Orality and Writing as Sound and Sight
While we experience and receive information form all our senses–smells, tastes, and touches communicate information in varying ways and degrees–it is sight and sound that are most powerful for our thinking.

Freudians have long pointed out that for abstract thinking the proximate senses–smell, taste, and in a special way touch…–must be minimized in favor of the more abstract hearing and sight. (6).

The word is originally a phenomenon of sound and is therefore time-based. Sound exists only when it is passing out of existence as oppose to a visual image or symbol which is a static, present item.
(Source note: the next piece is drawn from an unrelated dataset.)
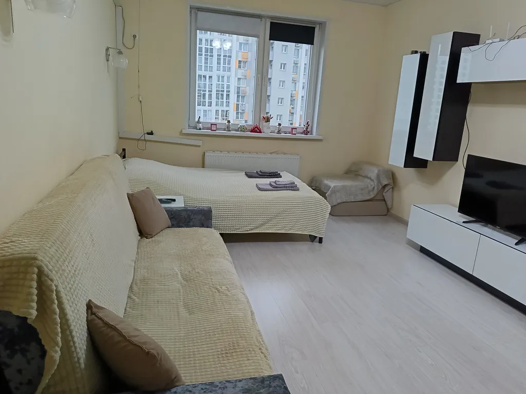 Телевизор, свч, wi-fi, вся необходимая посуда, фен, утюг, стиральная машина, кондиционер, сушилка, гладильная доска, гигиенические принадлежности, аптечка. Всегда чистое постельное бельё и полотенца! Кухонные губки и тряпки всегда новые, меняются с каждыми жильцами. Даже если отключат горячую воду во время вашего прибывания - предусмотрен водонагреватель. Комфортное размещение на трех человек. Возможно дополнительное размещение двух человек, имеется кресло-краскладушка и диван-коовать. Так же, для вашего комфорта предусмотрены ортопедические подушки и матрас на кровать.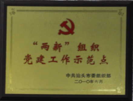 公司党支部是汕头市委组织部“两新”组织党建工作示范点

The written word, which begins as a spoken product, makes the word relevant to space as well as time.

Because words are primarily spoken things–writing transposes language to a spatial medium, but the language so transposed has come into existence in the world of sound and remains permanently a part of this world. (3).

[B]ecause it consists of silent words, writing introduces a whole new set of structures within the psyche: communication which lacks the normal social aspect of communication, encounter with one who is not present, participation in the thought of others without commitment or involvement. (126).